Van Nekk nahm Jan Roper das Trinkgefäß ab und reichte es Spillbergen. »Es war nicht Vincks Schuld«, sagte van Nekk erschöpft. »Er konnte nicht hochkommen. Er bat jemand, ihm zu helfen. Ich hatte solche Angst, daß ich mich auch nicht rühren konnte, und dabei hatte ich doch nichts zu befürchten.«
»Alle Engländer sind verrückt«, sagte Sonk. »Habt ihr jemals einen gekannt, der nicht verrückt war?«
»Schweinehunde und Seeräuber – durch die Bank, alle!« sagte Ginsel.

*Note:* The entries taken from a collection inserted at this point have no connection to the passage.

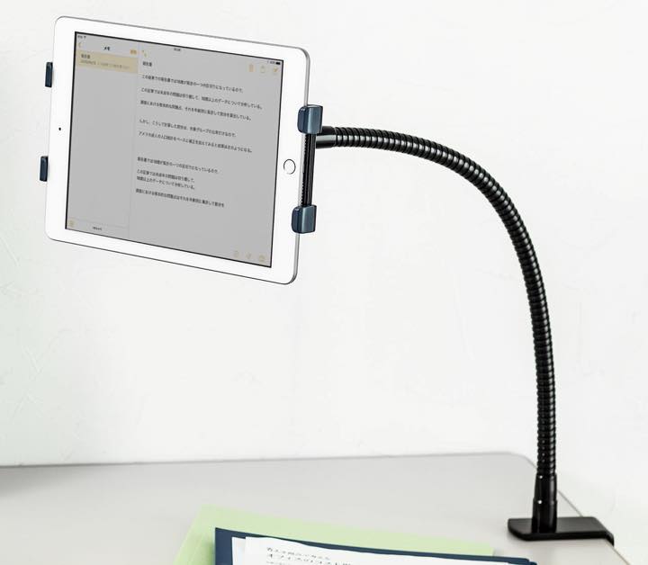 サンワサプライの「iPad・タブレット寝ながらスタンド」(5980円/税込)は、ベッドに取り付ければ、寝ながらiPadやタブレットを操作ができ、机に設置すればデスク上での使用が可能なアームスタンド。7~13インチのiPad、ならびにタブレット(対応タブレット幅200~240mm、総耐荷重1kg、厚み10mmまで)を、伸縮式のホルダーでがっちりサポートします(iPad Pro 10.5インチは非対応)。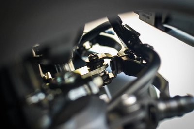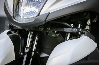 Innen csak egykarú első futóművesnek néz ki, mint egy Vespa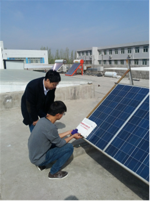 【宁夏大学新闻中心讯 新能源研究中心】4月20日,在我校新能源研究中心研究生导师李明滨和慕松老师的指导下,由研究生王子文独立设计并完成制作的倾斜壁面自动除尘机取得了试车成功。该研究是新能源研究中心根据市场需求以及用户单位反馈信息自行设定研究课题,在历时两年多时间里,经过多次改进终于完成了从图纸到样机工作。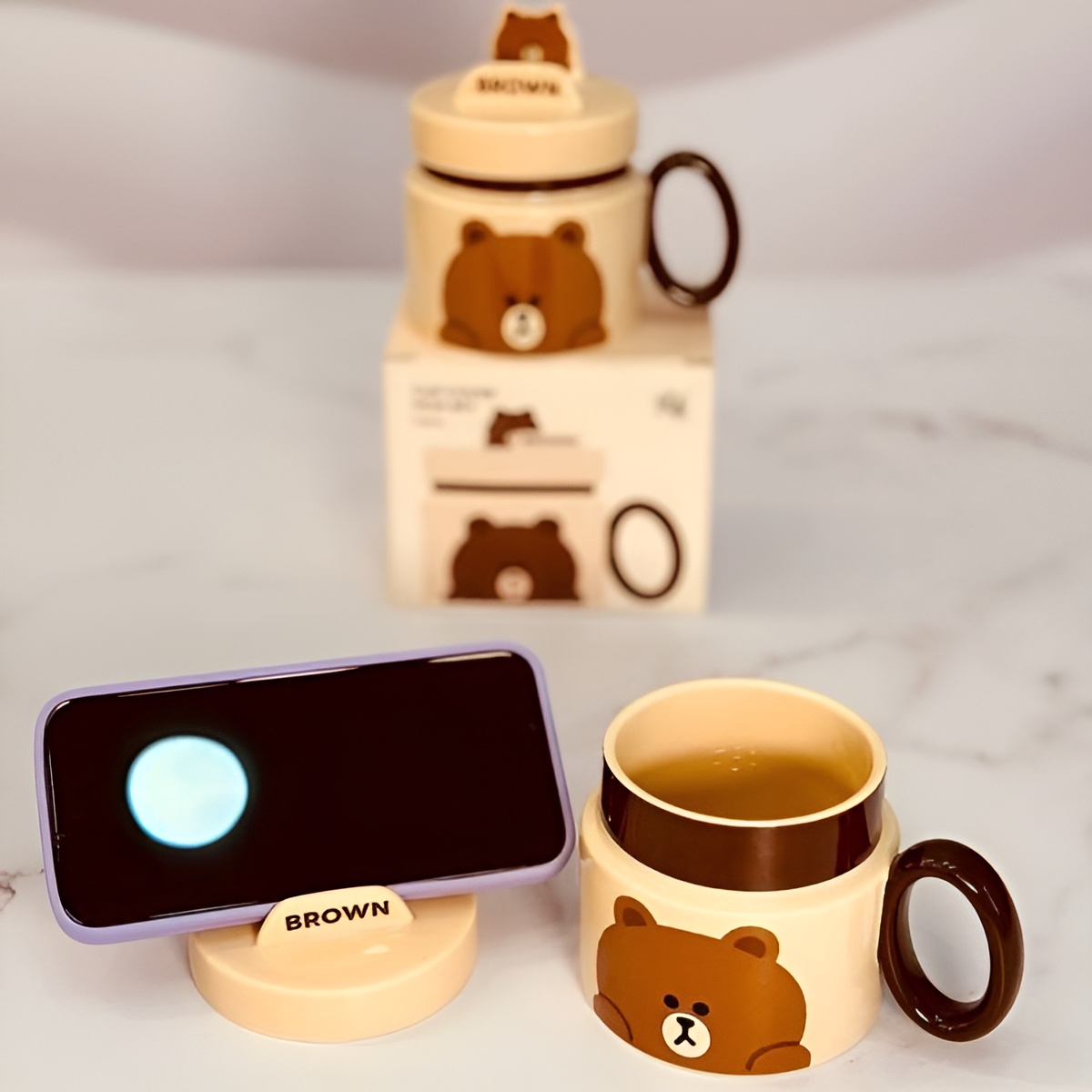 لیوان تدی قهوه‌ای دارای درب سرامیکی و پایه نگهدارنده گوشی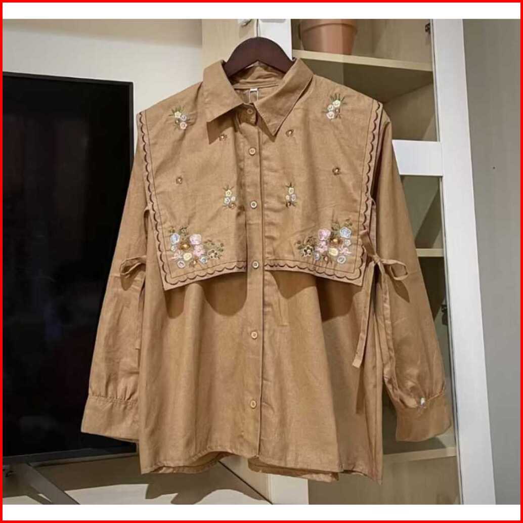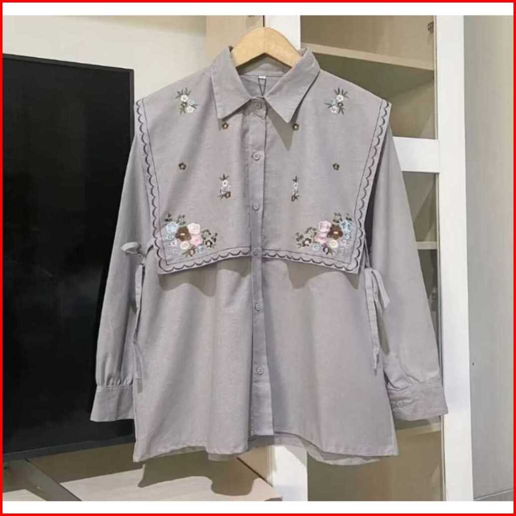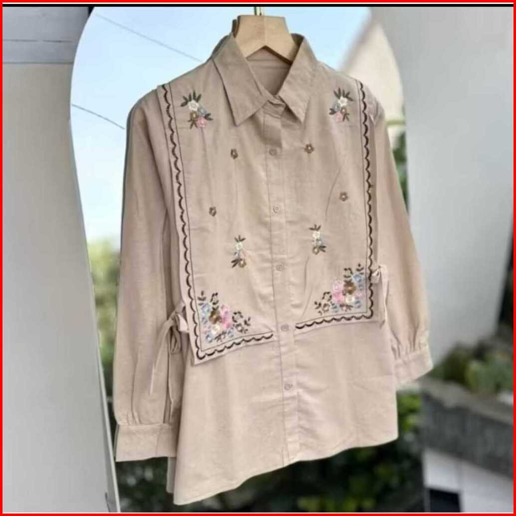 Baju Atasan Wanita Terbaru Bordir Bunga Kemeja Wanita Jumbo

»Nein, nicht alle«, sagte van Nekk. »Der Pilot hat doch nur getan, was er für richtig hielt. Er hat uns beschützt und hat uns zehntausend Leguas weit geführt!«
»Uns beschützt – daß ich nicht lache! Fünfhundert waren wir, als wir losfuhren, und fünf Schiffe. Jetzt sind wir nur noch neun!«
»War ja nicht seine Schuld, daß das Geschwader auseinandergerissen wurde. Was konnte er dafür, daß die Stürme uns …«
»Wär' er nicht gewesen, wir säßen heut noch in der Neuen Welt, bei Gott! Er war es doch, der behauptete, er könne die japanischen Inseln erreichen. Und um des lieben Herrn Jesus willen – seht euch doch mal um, wo wir sind!«
»Wir waren alle einverstanden, daß wir versuchen sollten, Japan zu erreichen – alle«, sagte van Nekk müde. »Wir waren alle dafür!«
»Schon! Aber trotzdem war er es, der uns dazu überredet hat.«
»Aufpassen!« rief van Nekk und wies auf den Samurai, der sich regte und stöhnte. Sonk war wie der Blitz über ihm und rammte ihm die Faust ans Kinn. »Beim Tod Christi! Wozu haben die Hunde ihn bloß hiergelassen? Hätten ihn doch leicht mitnehmen können. Was hätten wir schon dagegen tun wollen!«
»Glaubt ihr, sie haben ihn für tot gehalten?«
»Keine Ahnung! Gesehen haben müssen sie ihn. Beim lieben Herrn Jesus – könnt ich jetzt ein Bier gebrauchen!« sagte Sonk.
»Schlag ihn nicht noch mal, Sonk! Bring ihn nicht um! Er ist eine Geisel.«
Croocq sah zu Vinck hinüber, der in sich zusammengekauert an der Wand hockte, und was er sah, war winselnder Selbsthaß. »Gott steh uns allen bei! Was werden sie wohl mit Pieterzoon machen? Und was mit uns?«
»Der Pilot ist schuld«, sagte Jan Roper. »Er allein!«
Mitleidig linste van Nekk zu Blackthorne hinüber. »Das spielt doch jetzt keine Rolle mehr, oder?«
Wie von der Tarantel gestochen schoß plötzlich Maetsukker auf. Das Blut rann ihm immer noch den Unterarm herunter. »Ich bin verwundet! Helft mir!«
Aus einem Fetzen Hemd drehte Salamon eine Adernpresse und staute das Blut. Der Schnitt in Maetsukkers Bizeps ging zwar tief, aber es waren keine Venen oder Arterien durchtrennt. Die Fliegen fingen an, sich auf der Wunde niederzulassen.
Oben ließen sich Schritte vernehmen. Die Falltür ging auf.